Er fühlte sich genau so wie damals, als er bis zu den Knien im Meer stand und seinen Schmerz hinausgeschrien hatte.

Nur, dass dieser Tag mehr als 5 Jahre zurücklag. Vergangenheit.

Kraftlos saß er auf dem Laminatboden und eine Träne folgte der nächsten. Was passierte hier mit ihm? Was machten sie mit ihm? Er konnte doch nicht verrückt geworden sein. Was war Wirklichkeit und was nur Spiel?

Krankenhaus. Verstorben. Kouyou, der ihn getröstet hatte. Die mitleidigen Blicke seiner Eltern.
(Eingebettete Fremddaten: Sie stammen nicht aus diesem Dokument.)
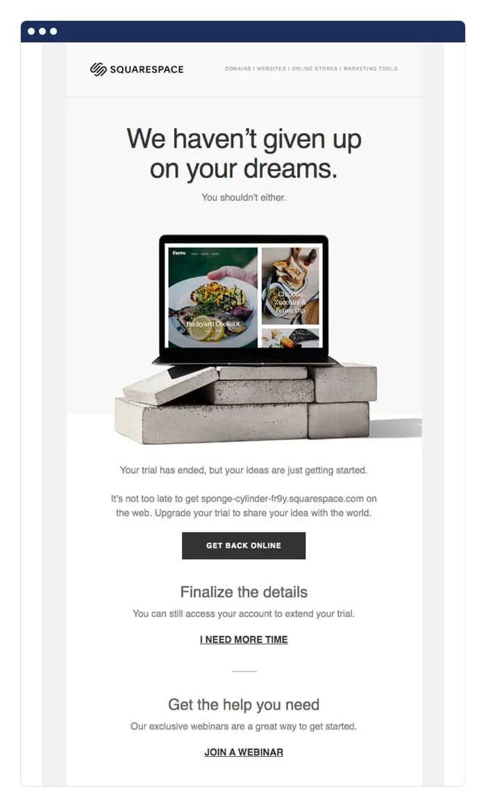 Squarespace uses its winback email to offer assistance or a trial extension. The headline lets users know Squarespace is still ready and willing to help, and the email gives vital information about the fact that the user’s website isn’t live on the web. In addition to an extended trial offer, Squarespace has a webinar to help users with setup.
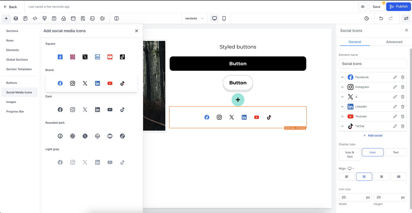 Wir haben etwas Cooles in der linken Seitenleiste veröffentlicht – Prebuilt Elements. Leistungsstarke Design-Elemente, die deinen Designprozess optimieren und die Funktionalität deiner Website stärken. Zu den neuesten Erweiterungen gehören vorgefertigte Buttons, Bilder, Social-Media-Icons und eine Fortschrittsanzeige.

Weiße Lilien, um die sich seine kalten Finger geschlossen hatten, weil er die Trauerrede nicht ertrug. Heiße Tränen. Akiras Familie. Das ausgeräumte Zimmer. Er hatte doch gesehen, wie Kisten mit Akiras Kram weggebracht wurden. Kouyou war jedes Jahr mit ihm am Meer. Jedes verfickte Jahr. Und NIE hatte er geweint! Keine einzige Träne! Er war nicht stark, sondern einfach nur eingeweiht!

Takanori wischte sich mit dem Handrücken über seine feuchten Augen, versuchte sich wieder nur aufs Atmen zu konzentrieren. Sein Blick fixierte den Hund, der schwanzwedelnd durch seinen Flur tappte und alles anschnüffelte, sich gar nicht von ihm stören ließ. Nein, den bildete er sich ganz bestimmt nicht ein. Der Hund war wirklich da. Genau wie Akira auch wirklich da gewesen war, ihm offenbart hatte, dass… alles nicht so war, wie er glaubte?

„Verdammt, ey! Warum habt ihr es mir dann eingeredet?!“, fluchte er verzweifelt. Seine Brust zitterte bei seinen Worten. Unbeholfen drehte er sich auf seine Knie, krabbelte sogar ein Stück nach vorn, ehe er sich schwerfällig erhob. Geräuschvoll zog er seine Nase hoch. Sein Körper fühlte sich unwirklich an, als gehöre er ihm gar nicht. Auch seine Beine wollten ihm im ersten Moment ihren Dienst versagen und er wankte mehr schlecht als recht durch seinen kleinen Flur, weiter zum Wohnzimmer. Ihm war furchtbar kalt, dennoch öffnete er seine Jacke, schmiss sie auf die Couch, während der kleine Hund ihm auf der Spur war und neben ihm stehen blieb. Takanori schenkte ihm wenig Beachtung und nahm sich ein Taschentuch, um sich zu schnäuzen und die gröbsten Tränen zu trocknen.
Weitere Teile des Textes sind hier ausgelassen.